Figure 3. Piecewise structural equation modeling (piecewiseSEM) describing the effect of multiple physiochemical parameters on the microbial alpha [in weathered rocks (A), sediments (B)] and beta (C) diversities. Numbers adjacent to arrows are indicative of the effect size of the relationship. The width of the arrows is proportional to the strength of the relationship. Red arrows indicate a significant positive correlation, while blue arrows indicate a negative relationship. R2 denote the proportion of variance explained by the predictors. Significance level: p < 0.05, *; p < 0.01, **; p < 0.001, ***.
Networks were constructed between bacteria and NO3− to further explore the potential impact of NO3− on specific microbial groups. In total, 57 and 10 genera with significant Spearman’s correlation (|r| > 0.5, p < 0.05) with NO3− were included in the network of weathered rock (NW) and sediment (NS), respectively (Figures 4A,B). There were 20 (35.09%) and 6 (60%) genera showed positive correlations with NO3− in NW and NS, respectively. Taxonomically, the 57 genera mainly belonged to Proteobacteria (28), Actinobacteria (11), Acidobacteria (10), Gemmatimonadetes (3), and Chloroflexi (2) in NW, whereas the 10 genera in NS were mainly affiliated with Actinobacteria (4) and Proteobacteria (2). Novosphingobium (negatively), Quadrisphaera (positively), and uncultured Gemmatimonadaceae (negatively) were detected both in NW and NS and showed the same trend with NO3− concentration. Subgroup_6, Subgroup_7, Subgroup_12, Subgroup_22, RB41, JGI_0001001-H03, Bryobacter, Candidatus_Solibacter, and uncultured species belonged to Acidobacteria were negatively associated with NO3− in NW. Besides three genera of Thermoleophilia class in the weathered rock, there were eight and four genera of Actinobacteria positively correlated with NO3− in weathered rock and sediment, respectively. Nitrospira was only detected in NW with a negative correlation with NO3− (Figure 4A). Species in Gammaproteobacteria and Deltaproteobacteria were mainly negatively associated with NO3−, while Alphaproteobacteria showed more diverse response to NO3−.
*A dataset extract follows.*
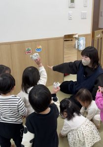 ひかり組(4歳児)でも、節分についてわかりやすく伝えるために「おなかのなかにおにがいる」という絵本を読みました。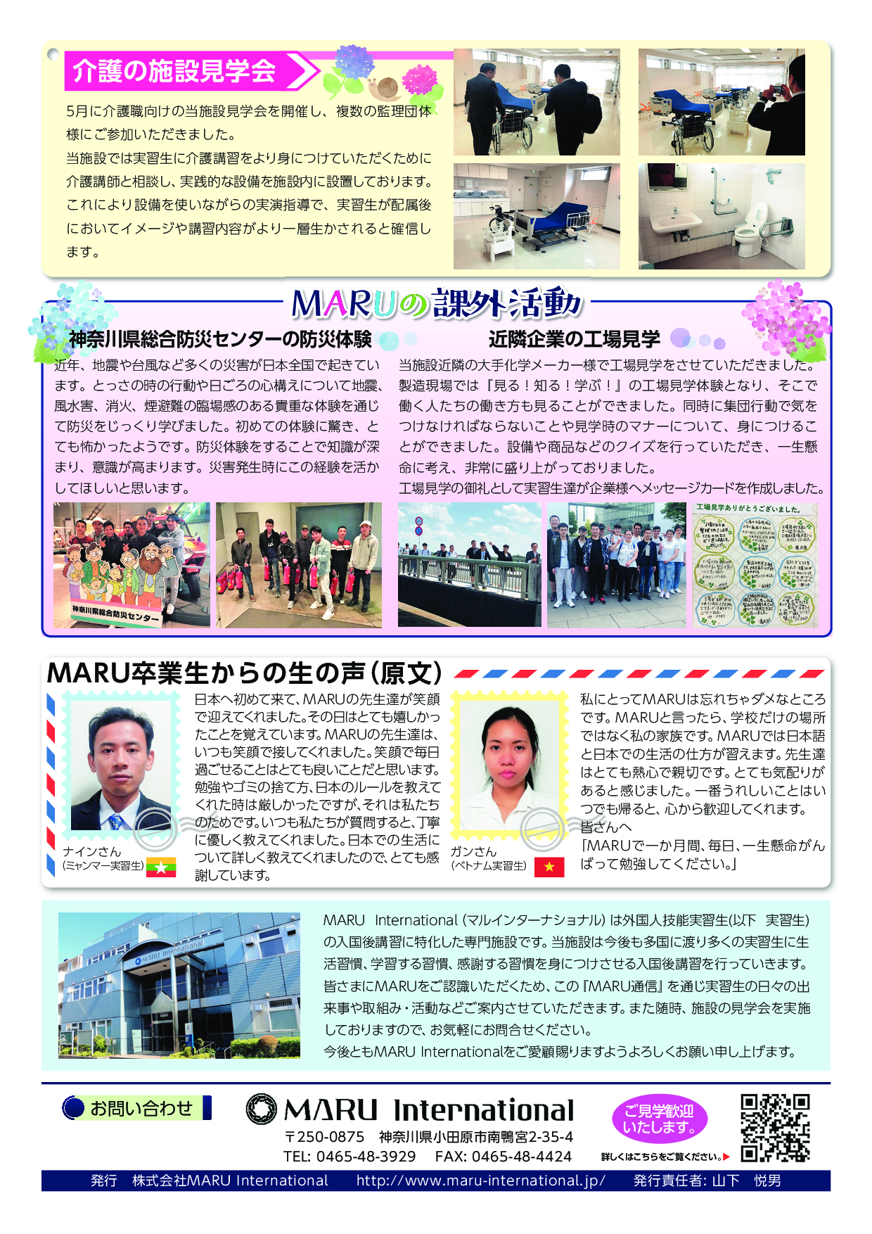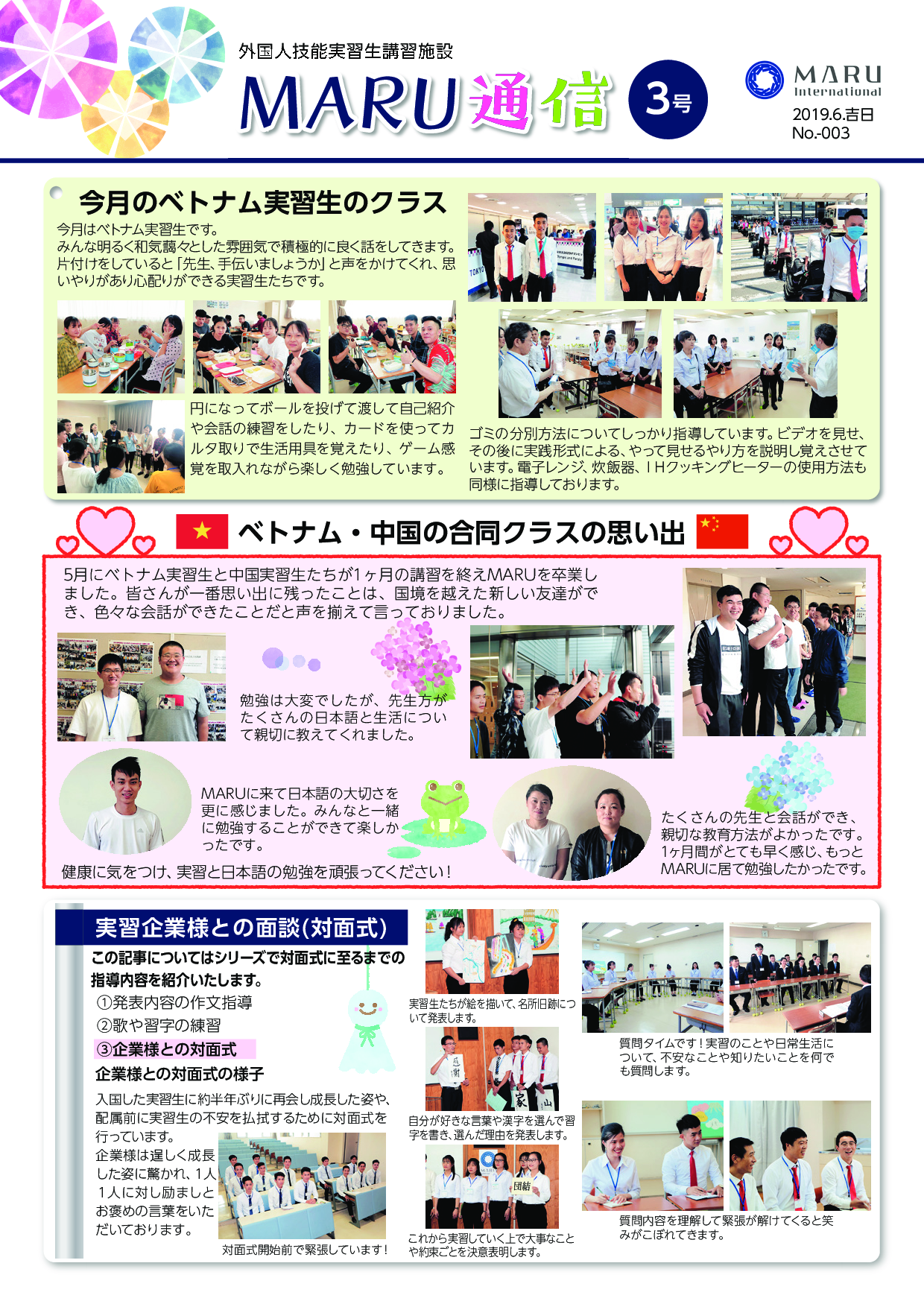 外国人技能実習生の入国後講習の近況等を記した『MARU通信 3号(6月号)』を発行いたしました。

Figure 4. Networks between microbial genera and NO3− in weathered rocks (A) and sediments (B). Nodes are colored by microbial phyla, and the connection edge represents a significant correlation (|r| > 0.5, p < 0.05) with NO3− based on pairwise Spearman’s correlations. Positive correlations are in red and negative correlations are in green.
3.4. Bacterial interactions in weathered rocks and sediments
Co-occurrence networks were conducted to reveal bacterial interactions. In total, there were 666 nodes (ASVs) and 8,217 edges in the co-occurrence network of weathered rocks (Co-NW; Figure 5A), whereas 744 nodes (ASVs) and 19,456 edges in the network for the sediment communities (Co-NS; Figure 5C). Most edges were positively linked (88.9% in Co-NW and 84.64% in Co-NS). Both networks showed good modularity with 6 main modules (Figures 5B,D). Nodes from the same or adjacent sampling sites tend to cluster in the same module. Topologically, Co-NW showed higher modularity (0.808), lower average clustering coefficient (0.549), higher average path length (3.511) than those in Co-NS (0.658, 0.553, 2.949; Table 2). Co-NW was more stable than Co-NS as estimated network stability by average degree.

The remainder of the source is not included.